- **DATA EXTRACT**:
Start of Block
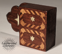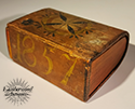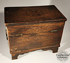 Miniature chest (could be a tea caddy) with bone inlay decoration including hearts on the front & inlaid star or flower in a circle on top lid & brass lion head handles. American, 19th Century.
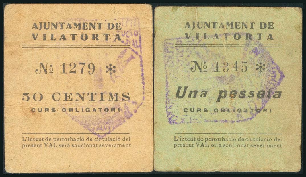 VILATORTA (BARCELONA). 50 Céntimos y 1 Peseta. (1938ca). (González: 10874/75). Muy rara serie completa. MBC.
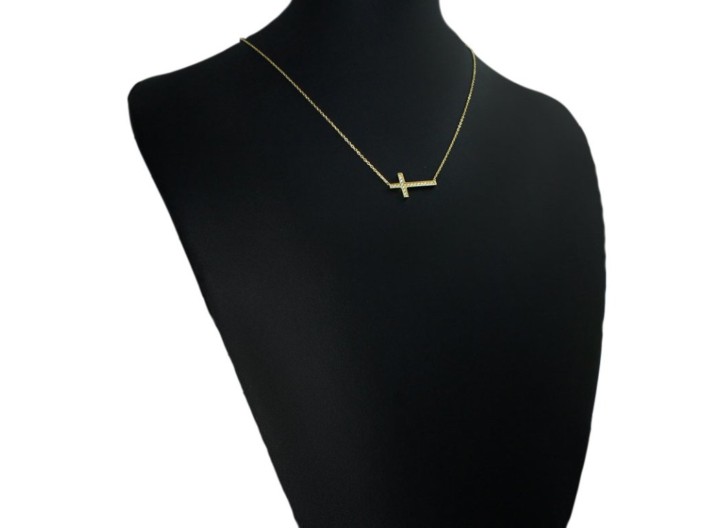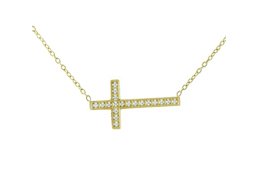 Dámský náhrdelník křížek zlatý se zirkony z chirurgické oceli S11115120
End of Block
- **WHAT YOU ARE ASKED TO DO**:
One exact copy of the data, no pictures: write it out line for line.

- **ANSWER SECTION**:
 Miniature chest (could be a tea caddy) with bone inlay decoration including hearts on the front & inlaid star or flower in a circle on top lid & brass lion head handles. American, 19th Century.
 VILATORTA (BARCELONA). 50 Céntimos y 1 Peseta. (1938ca). (González: 10874/75). Muy rara serie completa. MBC.
 Dámský náhrdelník křížek zlatý se zirkony z chirurgické oceli S11115120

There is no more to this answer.